--- Materials provided ---

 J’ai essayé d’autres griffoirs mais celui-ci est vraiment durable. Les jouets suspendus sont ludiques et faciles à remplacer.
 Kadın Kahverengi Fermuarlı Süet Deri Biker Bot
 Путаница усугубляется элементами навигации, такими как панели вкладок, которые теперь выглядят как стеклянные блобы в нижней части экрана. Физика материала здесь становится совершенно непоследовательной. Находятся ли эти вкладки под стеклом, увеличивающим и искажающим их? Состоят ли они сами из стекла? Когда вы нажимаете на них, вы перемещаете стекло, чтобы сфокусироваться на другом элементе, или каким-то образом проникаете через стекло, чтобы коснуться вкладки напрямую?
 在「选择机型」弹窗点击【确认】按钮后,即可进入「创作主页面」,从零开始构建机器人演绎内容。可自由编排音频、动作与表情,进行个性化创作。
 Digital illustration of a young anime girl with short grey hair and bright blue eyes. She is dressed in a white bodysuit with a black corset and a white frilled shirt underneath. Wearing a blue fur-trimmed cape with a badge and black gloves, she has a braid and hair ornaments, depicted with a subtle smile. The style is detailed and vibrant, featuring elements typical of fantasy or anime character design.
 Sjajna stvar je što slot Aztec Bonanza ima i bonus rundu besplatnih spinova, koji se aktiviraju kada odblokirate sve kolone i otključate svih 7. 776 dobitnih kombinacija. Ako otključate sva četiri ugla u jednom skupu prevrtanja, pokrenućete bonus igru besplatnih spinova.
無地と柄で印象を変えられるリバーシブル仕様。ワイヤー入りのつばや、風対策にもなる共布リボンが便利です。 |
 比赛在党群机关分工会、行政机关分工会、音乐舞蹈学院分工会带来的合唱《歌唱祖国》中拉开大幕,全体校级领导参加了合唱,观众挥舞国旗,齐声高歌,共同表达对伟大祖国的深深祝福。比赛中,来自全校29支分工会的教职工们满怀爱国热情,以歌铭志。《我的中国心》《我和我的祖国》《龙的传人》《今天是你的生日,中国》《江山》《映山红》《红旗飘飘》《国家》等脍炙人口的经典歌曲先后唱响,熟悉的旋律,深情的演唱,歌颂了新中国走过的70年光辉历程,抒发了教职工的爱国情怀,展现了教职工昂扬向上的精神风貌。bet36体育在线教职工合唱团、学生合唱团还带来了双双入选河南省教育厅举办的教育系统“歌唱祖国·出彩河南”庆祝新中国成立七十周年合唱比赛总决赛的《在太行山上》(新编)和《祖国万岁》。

---

■ **Task details**
Transcribe exactly, and only, the lines that extend from the one containing "無地と柄で印象を変えられるリ" to the end of the records above, inclusive of both.

■ **Expected answer**
無地と柄で印象を変えられるリバーシブル仕様。ワイヤー入りのつばや、風対策にもなる共布リボンが便利です。 |
 比赛在党群机关分工会、行政机关分工会、音乐舞蹈学院分工会带来的合唱《歌唱祖国》中拉开大幕,全体校级领导参加了合唱,观众挥舞国旗,齐声高歌,共同表达对伟大祖国的深深祝福。比赛中,来自全校29支分工会的教职工们满怀爱国热情,以歌铭志。《我的中国心》《我和我的祖国》《龙的传人》《今天是你的生日,中国》《江山》《映山红》《红旗飘飘》《国家》等脍炙人口的经典歌曲先后唱响,熟悉的旋律,深情的演唱,歌颂了新中国走过的70年光辉历程,抒发了教职工的爱国情怀,展现了教职工昂扬向上的精神风貌。bet36体育在线教职工合唱团、学生合唱团还带来了双双入选河南省教育厅举办的教育系统“歌唱祖国·出彩河南”庆祝新中国成立七十周年合唱比赛总决赛的《在太行山上》(新编)和《祖国万岁》。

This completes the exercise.